Not everything Danny Bent shared resonated with my own experience quite so much. Stories about a plague of maggots dropping out of the sky and crawling through your beard during a night sleeping under a tree in India? Or being threatened at gunpoint by Russian border guards but defusing things through a smile and Vodka? This guy has had quite a life – and there’s never a dull moment when he’s speaking.
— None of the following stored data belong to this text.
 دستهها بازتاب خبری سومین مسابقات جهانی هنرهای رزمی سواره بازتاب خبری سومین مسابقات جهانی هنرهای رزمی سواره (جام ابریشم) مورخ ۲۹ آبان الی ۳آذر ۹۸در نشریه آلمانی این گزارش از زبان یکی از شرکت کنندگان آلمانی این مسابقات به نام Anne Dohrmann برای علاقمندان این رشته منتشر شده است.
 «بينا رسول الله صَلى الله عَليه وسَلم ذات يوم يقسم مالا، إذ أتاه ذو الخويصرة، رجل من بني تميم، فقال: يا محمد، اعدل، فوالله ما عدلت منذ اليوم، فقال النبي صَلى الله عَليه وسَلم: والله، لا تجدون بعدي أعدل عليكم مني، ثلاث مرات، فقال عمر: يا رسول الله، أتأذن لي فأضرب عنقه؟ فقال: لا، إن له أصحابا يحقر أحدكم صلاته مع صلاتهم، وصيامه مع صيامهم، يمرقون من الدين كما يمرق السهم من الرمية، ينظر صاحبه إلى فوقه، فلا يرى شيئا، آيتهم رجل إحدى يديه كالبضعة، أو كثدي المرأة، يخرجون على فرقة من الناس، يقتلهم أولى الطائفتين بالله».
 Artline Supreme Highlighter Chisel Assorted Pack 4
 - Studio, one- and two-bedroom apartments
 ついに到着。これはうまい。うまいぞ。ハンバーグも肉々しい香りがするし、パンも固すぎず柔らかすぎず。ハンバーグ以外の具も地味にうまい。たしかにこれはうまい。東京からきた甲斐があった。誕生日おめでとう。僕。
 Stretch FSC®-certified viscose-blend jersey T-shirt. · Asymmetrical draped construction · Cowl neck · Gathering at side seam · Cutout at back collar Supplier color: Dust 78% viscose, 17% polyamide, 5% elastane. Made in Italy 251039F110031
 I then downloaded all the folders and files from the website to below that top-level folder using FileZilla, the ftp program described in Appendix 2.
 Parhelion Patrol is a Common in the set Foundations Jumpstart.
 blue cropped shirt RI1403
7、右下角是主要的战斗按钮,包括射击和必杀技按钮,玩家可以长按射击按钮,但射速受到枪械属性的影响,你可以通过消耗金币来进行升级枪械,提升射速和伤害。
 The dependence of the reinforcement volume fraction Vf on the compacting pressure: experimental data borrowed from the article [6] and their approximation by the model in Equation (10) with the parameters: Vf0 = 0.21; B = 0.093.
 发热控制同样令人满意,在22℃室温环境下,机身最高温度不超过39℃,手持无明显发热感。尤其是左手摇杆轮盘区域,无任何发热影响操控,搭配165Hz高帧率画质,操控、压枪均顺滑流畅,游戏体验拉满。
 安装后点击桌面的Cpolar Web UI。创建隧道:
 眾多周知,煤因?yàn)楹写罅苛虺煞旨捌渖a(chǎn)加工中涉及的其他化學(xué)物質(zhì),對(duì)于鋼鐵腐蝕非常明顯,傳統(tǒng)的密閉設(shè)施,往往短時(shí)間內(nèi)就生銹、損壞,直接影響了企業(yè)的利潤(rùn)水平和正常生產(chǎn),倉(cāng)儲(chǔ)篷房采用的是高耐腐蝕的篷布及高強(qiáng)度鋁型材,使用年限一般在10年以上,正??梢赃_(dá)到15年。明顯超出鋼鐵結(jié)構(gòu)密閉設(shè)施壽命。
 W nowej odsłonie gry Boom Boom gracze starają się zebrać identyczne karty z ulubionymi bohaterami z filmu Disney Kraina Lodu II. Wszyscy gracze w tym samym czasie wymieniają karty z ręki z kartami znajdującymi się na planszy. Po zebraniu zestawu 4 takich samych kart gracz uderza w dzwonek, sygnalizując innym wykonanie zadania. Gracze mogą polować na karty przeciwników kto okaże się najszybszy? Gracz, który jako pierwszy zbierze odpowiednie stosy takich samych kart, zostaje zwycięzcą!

The real diversity issues are often hidden

One of the most interesting insights in 72andSunny’s session on fostering genuine diversity in creative businesses was the fact that so many forms of exclusion are hidden from view. The fashion journalist Alice Pfeiffer and GQ publisher Vanessa Kingori spoke about how fashion designers and fashion magazines have a lot of visible diversity: models from different ethnic backgrounds on covers, the number of women in editorial departments and a broad representation of different sexual orientations. However, when you shift your gaze to where key decisions are made, these businesses are still predominantly controlled by white, heterosexual men. Pfeiffer highlighted other hidden diversity issues for fashion as well, arguing that even having the wrong accent (and not being from Paris) can count against you. Meanwhile, football agent Luis Vicente spoke about how very visible diversity in sport often fails to extend to the business side of things. These hidden diversity issues are as pertinent for marketing and advertising as they are for these other industries.

Where’s the game changer for AI?

Big data and Artificial Intelligence are dominant strands in the Advertising Week Europe agenda – and the session on AI hosted by the media agency Zenith promised insight into how they will change the future of marketing. It’s certainly impressive that Zenith has built up a data science department of 45 people – and that developing its own AI-powered algorithms for optimising digital advertising has driven 13% improvement in ROI. However, I couldn’t help feeling that this is just scraping the surface when it comes to the question of what difference AI will make to marketing more generally. Using data more effectively for media buying is a great starting point – but I think the real game-changing use cases for AI are yet to emerge.

Did Keith Weed miss his calling as the Question Time host?

The session with Keith Weed and Matt Brittin took a hectic turn when the floor opened up to audience questions – and the mainstream media piled in to put Brittin on the spot. “Somebody take the mike off her”, demanded Keith Weed as a Daily Mail reporter pressed Matt Brittin on whether there are Google employees actively looking for extremist content on YouTube. It wouldn’t have been out of place in a particularly rowdy edition of Question Time – and it left me wondering if Keith had slightly missed his calling as the next David Dimbleby. However, it also brought home a more important point. The world has never cared more about the decisions that the marketing and media industry makes – and the implications for the wider world have never been bigger. We are no longer discussing how we use data, classify content and target audiences in a bubble. The world feels it has a real stake in the choices we make – and we need to make sure that those choices stand up to the scrutiny.